Your task: For the listing below, output exactly the lines from the line with "eXaSkin is presented" up to and including the line with "Havoc. Chaos. The", and no other lines.

Data for processing:
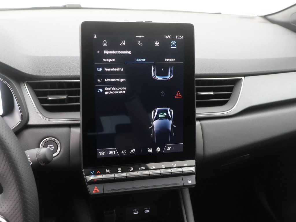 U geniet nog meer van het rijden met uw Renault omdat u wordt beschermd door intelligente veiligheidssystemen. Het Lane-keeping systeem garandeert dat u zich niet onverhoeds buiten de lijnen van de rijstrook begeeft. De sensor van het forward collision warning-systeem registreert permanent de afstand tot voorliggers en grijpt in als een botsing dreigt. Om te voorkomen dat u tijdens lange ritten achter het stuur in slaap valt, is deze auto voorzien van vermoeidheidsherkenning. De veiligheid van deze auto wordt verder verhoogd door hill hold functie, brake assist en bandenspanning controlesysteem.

---

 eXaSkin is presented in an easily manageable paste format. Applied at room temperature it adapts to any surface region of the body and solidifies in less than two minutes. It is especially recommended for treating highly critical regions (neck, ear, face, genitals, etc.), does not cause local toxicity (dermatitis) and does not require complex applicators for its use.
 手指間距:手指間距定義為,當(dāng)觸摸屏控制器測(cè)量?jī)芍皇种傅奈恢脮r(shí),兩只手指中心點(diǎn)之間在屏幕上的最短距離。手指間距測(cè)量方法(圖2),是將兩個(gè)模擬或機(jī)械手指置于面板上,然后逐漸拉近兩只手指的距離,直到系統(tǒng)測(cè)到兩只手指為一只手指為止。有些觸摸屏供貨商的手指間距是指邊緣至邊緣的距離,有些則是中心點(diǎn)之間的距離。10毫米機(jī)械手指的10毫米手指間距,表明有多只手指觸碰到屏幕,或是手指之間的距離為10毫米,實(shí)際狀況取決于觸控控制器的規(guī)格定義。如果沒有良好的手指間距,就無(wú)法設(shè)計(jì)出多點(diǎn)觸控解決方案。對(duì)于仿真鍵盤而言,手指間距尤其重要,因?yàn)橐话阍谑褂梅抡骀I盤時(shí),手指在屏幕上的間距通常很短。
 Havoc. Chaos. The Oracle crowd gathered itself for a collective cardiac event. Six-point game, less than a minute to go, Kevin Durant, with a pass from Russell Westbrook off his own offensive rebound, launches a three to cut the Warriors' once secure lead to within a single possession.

The completed task:
 eXaSkin is presented in an easily manageable paste format. Applied at room temperature it adapts to any surface region of the body and solidifies in less than two minutes. It is especially recommended for treating highly critical regions (neck, ear, face, genitals, etc.), does not cause local toxicity (dermatitis) and does not require complex applicators for its use.
 手指間距:手指間距定義為,當(dāng)觸摸屏控制器測(cè)量?jī)芍皇种傅奈恢脮r(shí),兩只手指中心點(diǎn)之間在屏幕上的最短距離。手指間距測(cè)量方法(圖2),是將兩個(gè)模擬或機(jī)械手指置于面板上,然后逐漸拉近兩只手指的距離,直到系統(tǒng)測(cè)到兩只手指為一只手指為止。有些觸摸屏供貨商的手指間距是指邊緣至邊緣的距離,有些則是中心點(diǎn)之間的距離。10毫米機(jī)械手指的10毫米手指間距,表明有多只手指觸碰到屏幕,或是手指之間的距離為10毫米,實(shí)際狀況取決于觸控控制器的規(guī)格定義。如果沒有良好的手指間距,就無(wú)法設(shè)計(jì)出多點(diǎn)觸控解決方案。對(duì)于仿真鍵盤而言,手指間距尤其重要,因?yàn)橐话阍谑褂梅抡骀I盤時(shí),手指在屏幕上的間距通常很短。
 Havoc. Chaos. The Oracle crowd gathered itself for a collective cardiac event. Six-point game, less than a minute to go, Kevin Durant, with a pass from Russell Westbrook off his own offensive rebound, launches a three to cut the Warriors' once secure lead to within a single possession.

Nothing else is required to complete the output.